Teens Smoking Less Butt . . .
Only about 22% of high school students smoked cigarettes in 2003 as compared to 36% in 1997, according to a new Morbidity and Mortality Weekly Report released this week by the CDC. Not only do these numbers appear to be moving in the right direction but, if fewer students begin smoking in high school, it is hoped that this downward trend will eventually translate into fewer lifetime cigarette smokers.
Comment: Although the results of this report are encouraging, the numbers mean that at least 1 in 5 high school students is still smoking -- in spite of the increased cost and the greater difficulty for minors to purchase cigarettes. Stopping cigarette smoking remains a challenge for our society as a whole. Just as fewer teen smokers should translate into fewer smoking adults, fewer adults smoking now should correspond to fewer teens taking up the unhealthy habit. When it comes to smoking, adults are key role models for kids. If kids see Gwyneth Paltrow smoking, that sets a bad example.
Cigarette Use Among High School Students --- United States, 1991--2003
Cigarette use is the leading preventable cause of death in the United States (1). One of the national health objectives for 2010 is to reduce the prevalence of current cigarette use among high school students to <16% (objective no. 27-2b) (1). To examine changes in cigarette use among high school students in the United States during 1991--2003, CDC analyzed data from the national Youth Risk Behavior Survey (YRBS). This report summarizes the results of that analysis, which indicated that although 1) the prevalence of lifetime cigarette use was stable among high school students during the 1990s and 2) the prevalence of both current and current frequent cigarette use increased into the late 1990s, all three behaviors had declined significantly by 2003. Prevention efforts must be sustained to ensure this pattern continues and the 2010 objective is achieved.

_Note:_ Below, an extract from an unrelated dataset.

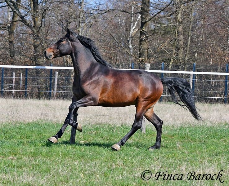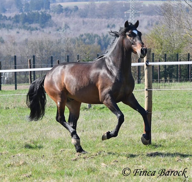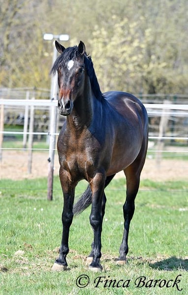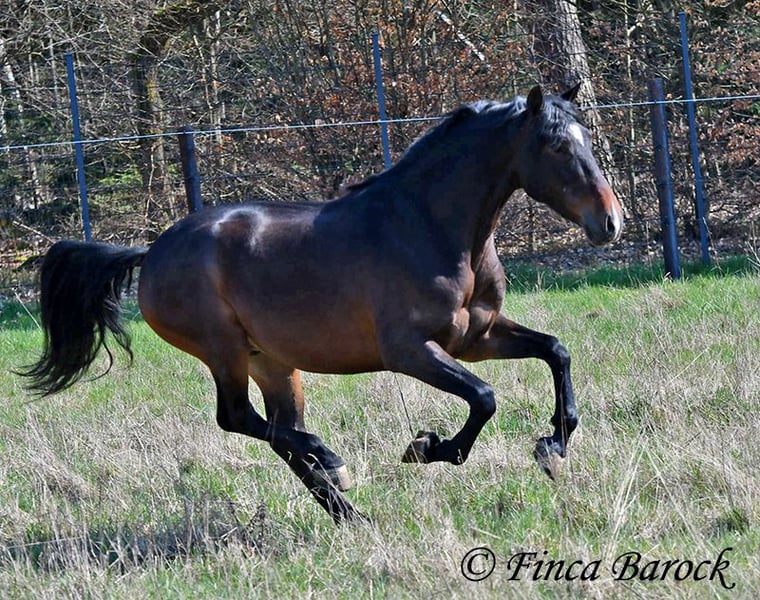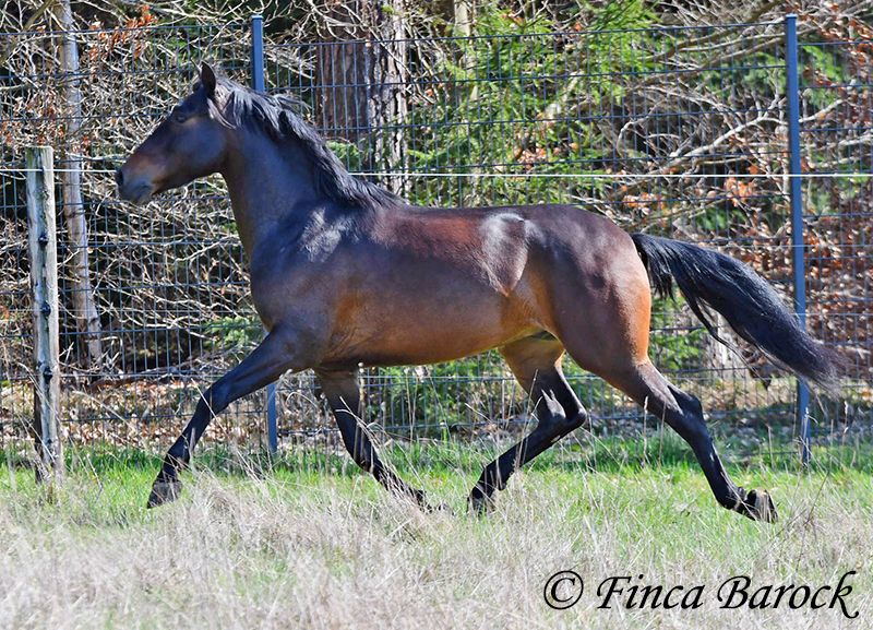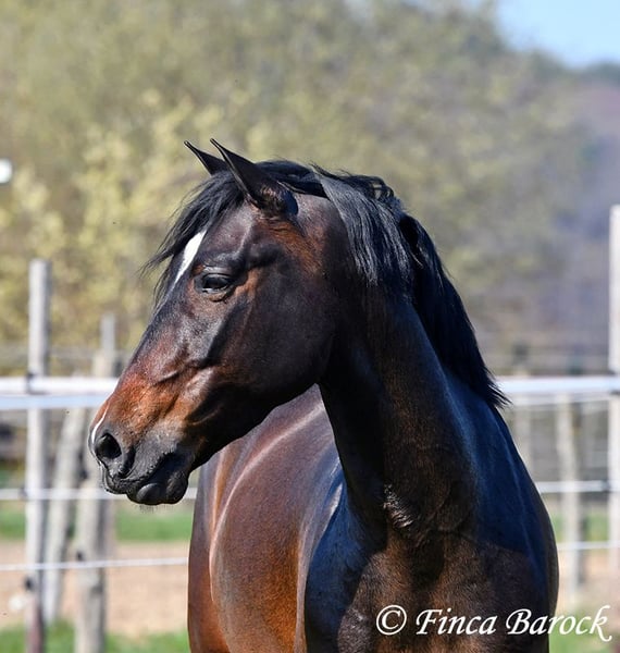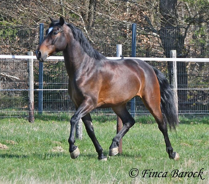 Ras: Andalusiër Naam: Spiri Geslacht: Ruin Maat: 1,53 m Geboren: 01-12-2021 Kleur: Bruin Prijs: € 9.500 Vader: O. P. Moeder: O. P. Spiri, is een echte blikvanger! Hij combineert veel expressie met een vriendelijke aard. Hij is nog in opleiding. Hij kent de basisgangen zowel in de bak als in het terrein. Ondanks zijn jonge leeftijd geeft hij al een zeer prettig ruitergevoel. Hij is eerder het type paard dat stil blijft staan dan wegloopt als er iets engs is. Daarnaast beschikt hij over een lieve en aangename omgangsvorm ❤️ Spiri is nog volop in groei en zal zich verder ontwikkelen. Met hem krijgt u een echte eye-catcher die ernaar uitkijkt om de wereld te verkennen. Inclusief klinisch onderzoek en röntgenfoto’s Contact: Finca Barock, Tel. 0173-696 31 81, 56291 Wiebelsheim

The national YRBS, a component of CDC's Youth Risk Behavior Surveillance System, used independent three-stage cluster samples for the 1991--2003 surveys to obtain cross-sectional data representative of public and private school students in grades 9--12 in all 50 states and the District of Columbia. During 1991--2003, sample sizes ranged from 10,904 to 16,296, school response rates ranged from 70% to 81%, student response rates ranged from 83% to 90%, and overall response rates ranged from 60% to 70%. For each cross-sectional national survey, students completed an anonymous, self-administered questionnaire that included identically worded questions about cigarette use.
For this analysis, temporal changes for three behaviors were assessed: 1) lifetime cigarette use (i.e., ever tried cigarette smoking, even one or two puffs), 2) current cigarette use (i.e., smoked cigarettes on >1 of the 30 days preceding the survey), and 3) current frequent cigarette use (i.e., smoked cigarettes on >20 of the 30 days preceding the survey). For current cigarette use, temporal changes and subgroup differences in 2003 were analyzed by sex, race/ethnicity, and grade. Data are presented only for non-Hispanic black, non-Hispanic white, and Hispanic students because the numbers of students from other racial/ethnic groups were too small for meaningful analysis.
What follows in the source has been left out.